Hep birlikte Allah’ın ipine sımsıkı sarılın ve ayrılığa düşmeyin. Allah’ın size olan nimetini anın. Hani siz birbirinize düşmandınız Allah gönüllerinizi birbirine yaklaştırdı da O’nun nimetiyle kardeş oldunuz.
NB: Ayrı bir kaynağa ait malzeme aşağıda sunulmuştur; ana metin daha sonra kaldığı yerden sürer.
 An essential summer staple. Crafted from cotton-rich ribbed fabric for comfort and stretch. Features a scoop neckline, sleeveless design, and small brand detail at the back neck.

Bir ateş çukurunun kenarında idiniz, Allah sizi oradan kurtardı. Doğru yola erişmeniz için Allah size ayetlerini böyle açıklıyor.” (Ali İmran, 130)
Bölgemizdeki bu kan ve gözyaşına rağmen Yüce Allah müminlere vadini gerçekleştirecek ve kaybeden asla İslam olmayacaktır.
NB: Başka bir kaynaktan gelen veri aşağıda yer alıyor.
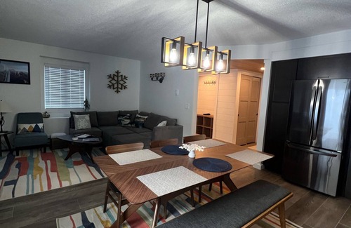 This clean, comfortable, newly remodeled updated 1st floor -end unit with private entrance has 2 bedrooms / 1 bath, sleeps 7 (1 queen sized bed, 1 twin over full bunk bed & 1 convertible sofa), plenty of gear storage, a gear dryer, full kitchen with stove/oven, coffee maker & toaster, pots/pans, dishes & silverware/cooking utensils and an in-unit washer/dryer to provide all the amenities of home.

Davet Mektebi dergimizin bu sayısında asrını ve sonrasını derinden etkileyen; düşünceleriyle, yaşantısıyla ve şehadetiyle asrına ve sonrasına ışık saçan 20. yy’ın en büyük ve en önemli düşünürlerinden biri olan Seyyid Kutub’u dosya konusu olarak ele alıyoruz. Yazarımız Ekrem Özgüç, Mısır ve küresel tağutların zulüm ve işkencelerine göğüs gererek gayesi uğruna canını veren Şehid Seyyid Kutub’un kısaca hayat hikâyesini, İhvan-ı Müslimin hareketine katılışını, Seyyid Kutub’un deyimiyle “cahiliyeden hidayete dönemini, tevhidi anlayışı ve yaşayışını, islam dünyasındaki etkisini ve Kutub’u hedef alan haksız ve yanlış tenkitleri kaleme aldı. Yazarımız Molla Salih Turgut; derin bir araştırma ve analiz yazısıyla Seyyid Kutub’a yönelik tekfircilik suçlamalarına kaynaklarıyla cevaplar veriyor. Misafir yazarımız Kazım Sağlam ise “Seyyid Kutub’u nasıl okumalıyız” başlıklı yazısıyla bizlerle…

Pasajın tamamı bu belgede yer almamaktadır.